“Social clauses” ‒be they provided by law or by contract‒ impose on contractors the duty to absorb and employ the workers of the outgoing contractor in case of termination of the previous procurement contract, by virtue of the principle of safeguarding occupational stability as set out at Community level (Dir. 2014/24/EU and Dir. 2014/25/EU).

Such duty is also expressly provided for by the Italian legal system and is regulated by different legal sources.

A first reference can be found in the Italian Public Procurement Code (Legislative Decree no 50/2016). Article 50 provides that the calls for tender may include social clauses aimed at promoting occupational stability of the  employed staff. Without prejudice to the above, it should be pointed out that recent case law (Consiglio di Stato, Sec. V. 07/06/2016, no. 2433) has stated the principle according to which the new contractor has indeed an obligation to re-absorbe the personnel from the previous contract, but not the obligation to employ it in performance of the same and previous contract.

The obligation in question can also be found both in special regional laws in light of their self-legislative power, and in the sector’s collective bargaining.

On the point Article 25 of regional law No. 25/2007 (as replaced by Article. 30 of regional law 4/2010) of the Puglia Region has provided an actual duty to incorporate similar clauses in calls for tender.

Collective bargaining does not work differently.

In Italy the most used collective agreements for the performance of logistics/storage/warehousing and/or ancillary obligations are the Multiservice CCNL (National Collective Bargaining Agreement) and the Logistics Freight Transport and Shipment CCNL, which are applicable in case of procurement and which provide specific social clauses.
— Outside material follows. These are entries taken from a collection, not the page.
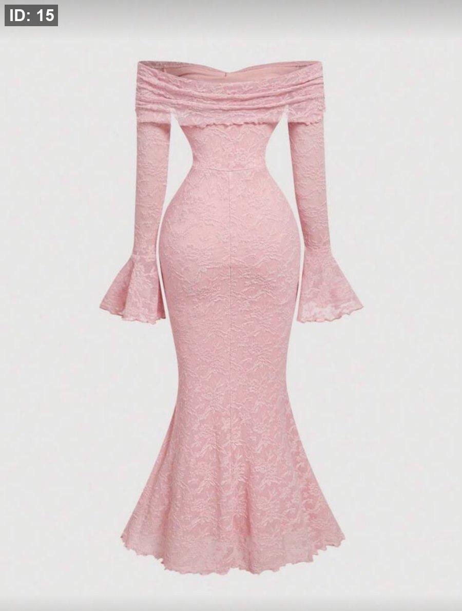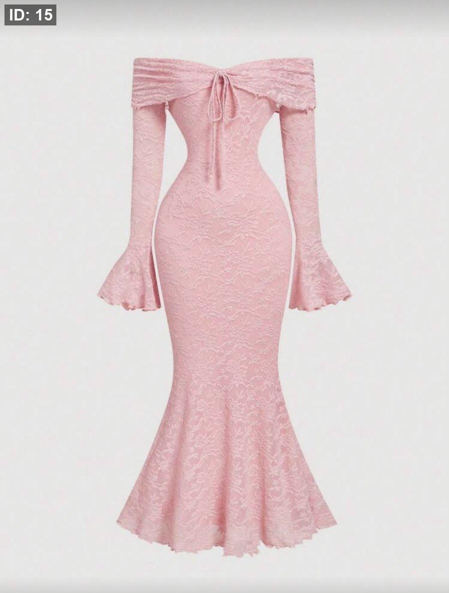 SHEIN MOD فستان ضيق ذو كتف مكشوف بأكمام طويلة وعقدة على الأمام للنساء
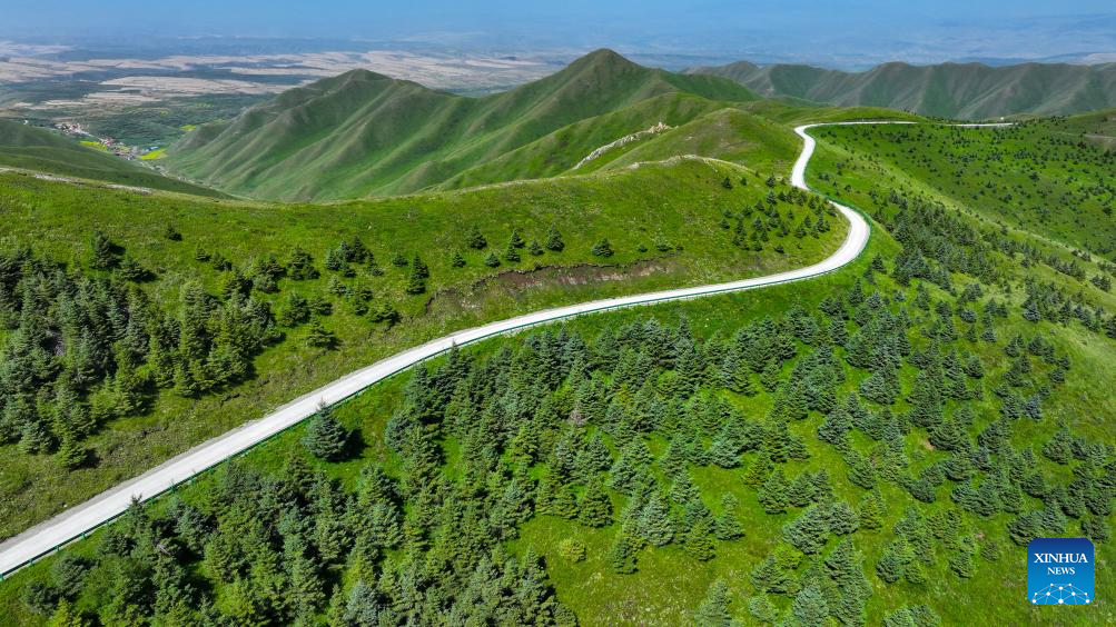 An aerial drone photo taken on July 25, 2024 shows a view of the Nanhua Mountain in Haiyuan County of Zhongwei, northwest China's Ningxia Hui Autonomous Region. With years of ecological restoration efforts, Nanhua Mountain has a forest coverage rate of about 30.7 percent and the vegetation coverage of over 95 percent. (Xinhua/Feng Kaihua)
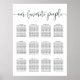 Wedding guest seating chart in classic black and white features "Our Favorite People" or your choice of text at the top in whimsical handwritten calligraphy script lettering, with your guest table assignments beneath. Space provided for up to 12 tables.
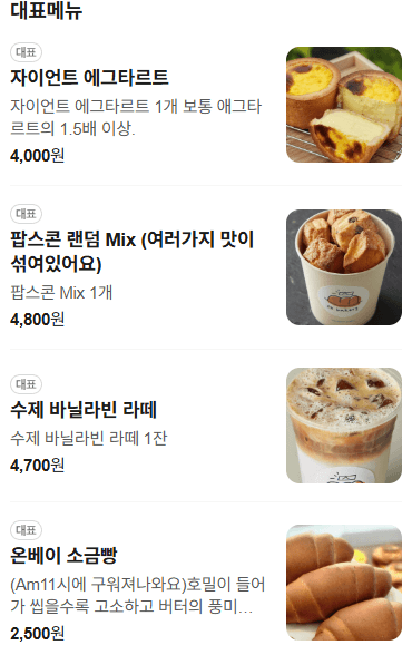 - 에그타르트: 4,000원 / 믹스맛 팝스콘: 4,800원
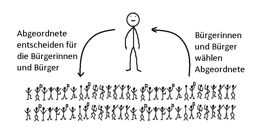 Da in einem großen Land nicht ständig alle Menschen über alle möglichen Fragen abstimmen können, werden in einer Demokratie Vertreter des Volkes gewählt, die in seinem Namen entscheiden. Sie werden für eine festgelegte Zeit bestimmt, meistens für vier oder fünf Jahre.

Article 4 provides that:”[…] Upon expiry of a procurement contract two different cases may occur: a) in case of termination of the procurement contract on equal terms, manner and contractual services, the incoming company undertakes to ensure the employment, without trial period, of the workers who are already part of the staff in the procurement, as results from supporting documents […]; b) in case of termination of  the procurement contract with modifications to terms, manner and contractual services – even if it is the same that was already managing the service it will be convened at the local Association to which it gives the mandate  […]  to analyze the situation, in order to harmonize the changed technical – organizational requirements of the contract with the conservation of the employment levels […].”

Article 42 bis of the Logistics Freight Transport and Shipment CCNL states accordingly that: “in the event of takeover in the contract, the awarding body will inform the trade unions that are competent for this operation with at least 15 days notice.
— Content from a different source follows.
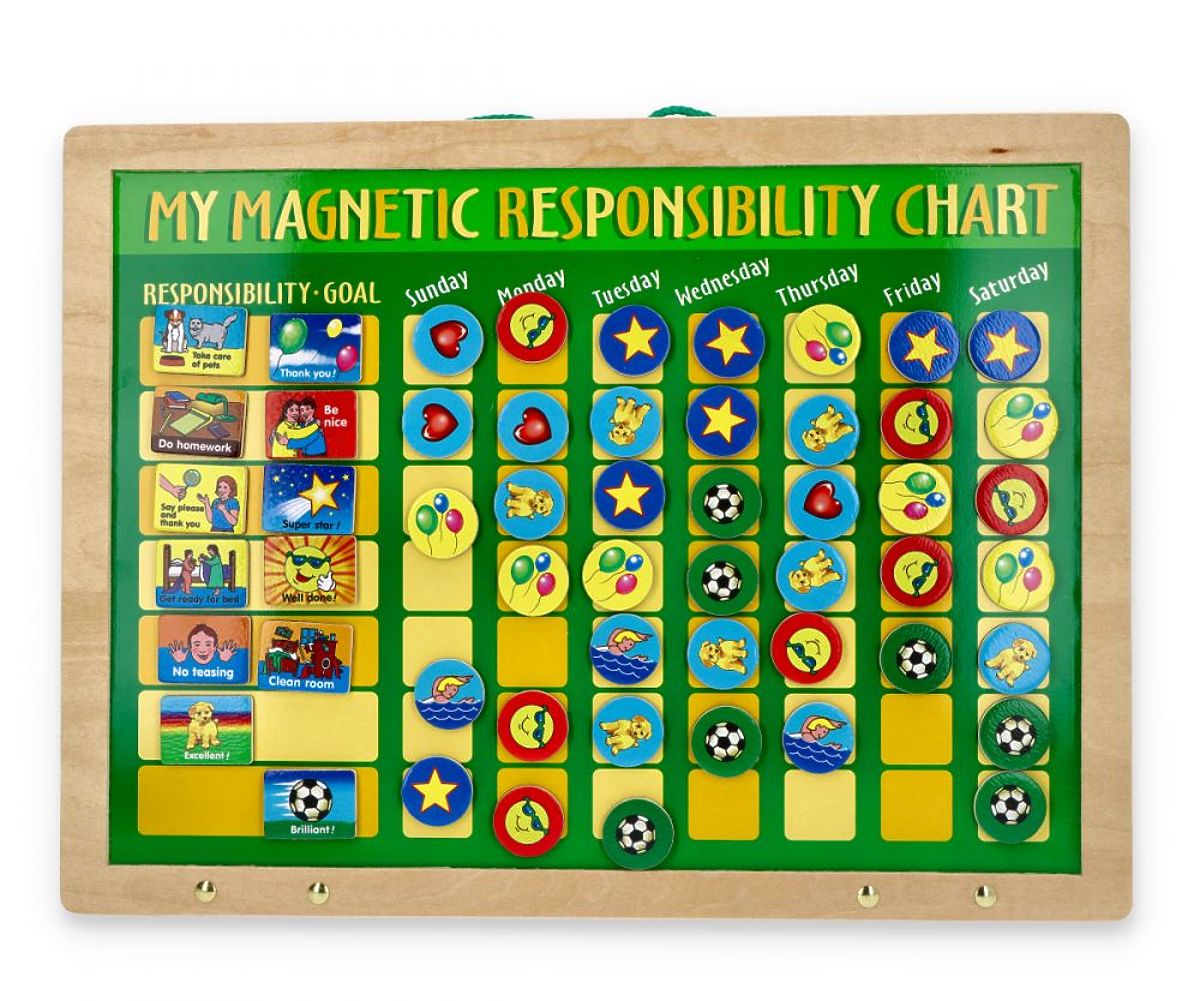 Organizácia času a plánovanie dňa je jednou z najdôležitejších zručností v živote každého z nás. Je dobré zabezpečiť, aby naše deti mohli túto zručnosť úspešne získavať už od útleho veku. Tabuľa zodpovednosti sa ideálne hodí k tomuto procesu. Umožní dieťaťu naplánovať si plnenie základných povinností v konkrétny deň týždňa. V našom obchode predstavujeme tabuľu, ktorá vám pomôže pri stanovení pravidiel a zásad, ktoré by dieťa malo poznať, a pri odmeňovaní príslušným symbolom za ich dodržiavanie.
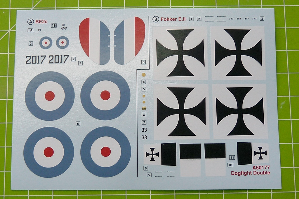 Ty jsou poměrně zjednodušené, a obsahují některé chyby. Co se týká základní kamufláže je vše v pořádku. Oba letouny byly v "přírodní" barvě materiálů, oba tedy v barvě plátna. Taktéž kovové části byly u obou letounů ponechány v přírodním kovovém odstínu. Pouze u Fokkeru E.II byly ještě "rozbity" hádky, což již návod nezmiňuje.

At the request of the signing and territorially competent Trade Unions, the awarding body will inform in a specific meeting on the issues relating to the takeover, in particular regarding matters related to work organization and safety and the implementation of this CCNL by the incoming company.
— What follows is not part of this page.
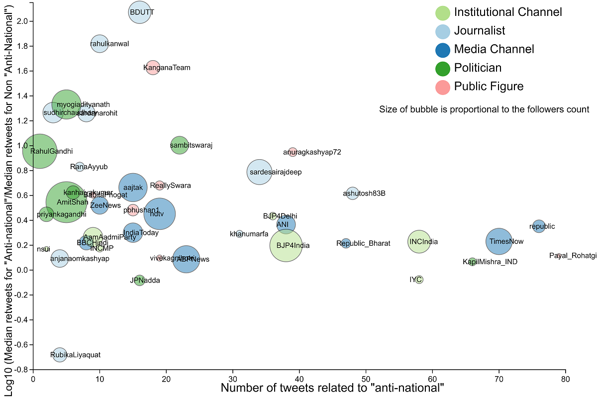 We also see two important patterns here. First, a small number of accounts tweet the terminology out significantly more than most others – @republic, @Payal_Rohatgi, @TimesNow, and while these do see a significant increase in retweets when the subject matter is ‘anti-national’ related (the figure is on a log scale), a few of highly influential accounts including journalists Barkha Dutt and Rahul Kanwal and actors Kangana Ranaut and Anurag Kashyap get much more attention.
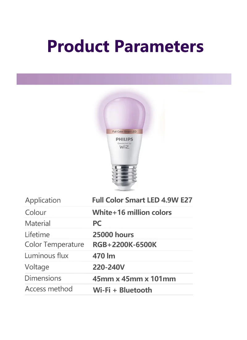 Philips 4PCS LED Smart Mini Ball E27 Bulbs WiZ 4.9W P45 Wi-Fi & Bluetooth 220-240V Full Color Light Frosted Dimmable P Lamps

The awarding body will include in the procurement contract with the incoming company the latter’s commitment, while respecting entrepreneurial freedom, on equal terms of contract and upon objective operational and productive needs of the incoming company, to give preference, under the same conditions, to the workers employed by the outgoing contractor […]”.

In light of the above, when assessing the economic opportunities of a new contract, the contractor will necessarily have to take into account the existence of this “obligation to employ” and, therefore, consider any possible unprofitability of the contract which is about to be accepted.

The obligation in question is independent from the incoming and/or of the outgoing contractor’s will, with the result that it is always advisable to specifically request the awarding company to provide all information concerning the terminated contract as soon as possible.